Here’s why organizations, especially with rapid scalability concerns, are gazing beyond the well-known pastures of traditional NAS (i.e. NetApp, Isilon).

But here is the funny part about this: all of the tried and true, familiar technologies backing that stable of storage resources are being upended by one technology that has been around just as long: NFS. That’s right, the network file system, which you already know is not a file system at all, but a protocol used to build all the fancy scale-out NAS installations that don’t actually scale beyond certain limits.

If you stopped paying attention to NFS when you switched to a parallel file system, you might have missed some important additions. The biggest is that it is no longer impossible to talk to multiple machines. RDMA support is now built in. And that whole east/west traffic nightmare with endless updates has been resolved.

When you take these innovations, pull it together from a single namespace over a monolithic pool of flash, the possibilities of NFS grow exponentially. In fact, this kind of approach might be the only thing to usher in the era of AI training at any scale in addition to supporting companies and centers building big HPC systems. We’ll get to how this all comes together and what extra layers are required to do this at 500PB scale in a moment.

The last time many HPC and large enterprise shops shook things up in terms of storage architecture was during the rush to keep pushing data and compute together. The network was the bottleneck. At that time, HDDs were the norm and although densities went up at a regular cadence they could never keep pace with network capabilities. Many of the parallel file systems in use had their heyday with 1GB/sec networking. It’s now 400GB/sec — a 400x improvement — while HDD versus SSD might be 30x. In other words, in the midst of this transition the cracks in this data colocation strategy started to show.

For instance, how were sites, especially with a lot of transactional data, going to handle scaling with updates that needed to propagate across an increasing number of machines? “That kind of traffic within shared nothing architectures has created a law of diminishing returns as they grow beyond petabytes,” says Jeff Denworth, co-founder at VAST Data.

The solution on-the-fly for sites that wanted to scale was to just deploy a bunch of small clusters for storage and why parallel file systems persisted, even though such scale-out NAS systems could not resolve all the backend contention of east-west traffic and ended up blocking on certain nodes that other machines wanted to access.

As legacy Isilon and Dell/EMC users have begun seeing in real-time in the last couple of years in particular, linear performance scaling peters out and while some have taken the approach of building a shared nothing database architecture to cover multiple nodes, contention reigns. The more clients accessing that database, the faster performance degrades and the ripple effects through the cluster hit hard. What also is petering out is the tough choice between going with a lot of nodes with a little capacity on each to avoid nasty data rebuilds or having a few big ones and hoping like hell that a rebuild doesn’t take too much downtime.

So, let’s revive NFS since we’re talking about old ways of doing things.

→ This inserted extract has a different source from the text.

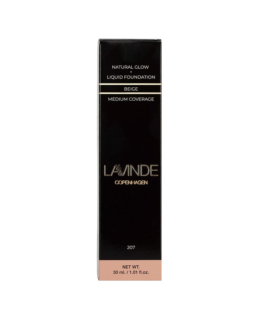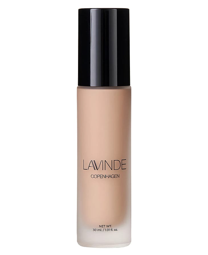 Den prisvindende Lavinde Copenhagen NATURAL GLOW Liquid Foundation, med medium dækkeevne, smelter ind i huden, fordi konsistensen er let som en fjer.

And talk about all the new tricks NFS can do — how well it can perform dives into a pool of shared flash without all the contention, inefficiency, lack of manageability, and bluntness.

If you’re new to NFS again, imagine this: a NAS where each node in a disaggregated and shared nothing cluster is stateless. There’s a gleaming pool of SSDs underneath that each node has access to and in those SSDs are a series of transactional data structures that let all those different machines access the same ranges in a single namespace. What this means is no cache and that means none of the cache coherence code that muddled things up in the old days. That coupling of low-latency flash and NVME-oF in all its stateless glory means no more east/west traffic and an Exascale storage architecture that looks more Exascale-ready than the lumbering parallel file system machines that will hit that mark in the coming years.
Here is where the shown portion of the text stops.